Виктор познакомился с Ларисой случайно: зашел в магазин посмотреть пластинки и, когда выбирал, что бы подарить матери на Новый год, разговорился с какой-то девушкой. Это и была Лариса. Она сразу же понравилась — высокая, в длинном строгом пальто, из-под шапочки выбивались два светлых локона, говорила бойко, совсем не стесняясь, как другие девушки, смотрела на Виктора живо и весело. Смеялась она громко, как-то по-детски беззаботно. Они купили по пластинке, вышли вместе и немного погуляли, разговаривая, а затем Виктор посадил ее в троллейбус.

Через несколько дней они встретились, ходили в кино, а после бродили по улицам, говоря о пластинках, о музыке и о погоде, которая была словно бы на заказ: падал снег, мягкий, пушистый, было тихо и совсем не холодно. Лариса похвалилась, что закончила музыкальное училище и собирается поступать в консерваторию, Виктор сказал, что живет вдвоем с мамой, а затем они считали от нечего делать фонари, смеялись, шутили — и чувствовали, как хорошо им вдвоем.

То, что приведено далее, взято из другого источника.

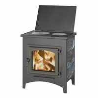 Наличие верхней чугунной плиты с двумя конфорками позволяет использовать печь-камин для приготовления пищи. Стальная крышка для верхней поверхности печи позволяет закрыть конфорки, обеспечивая дополнительную безопасность использования печи-камина.

Оказалось, что Лариса вовсе не любит ходить в кино, считая это просто потерей времени, и они немного поспорили о только что виденном фильме. Ларисе он не понравился.

— Примитивно, — она весело поглядела на Виктора. — Да и вообще в кино не может быть ничего интересного...

— Нет, почему же, есть интересные фильмы.

— Возможно, — согласилась Лариса, — но это такая редкость... В нашем кинематографе утеряна какая-то важная нить.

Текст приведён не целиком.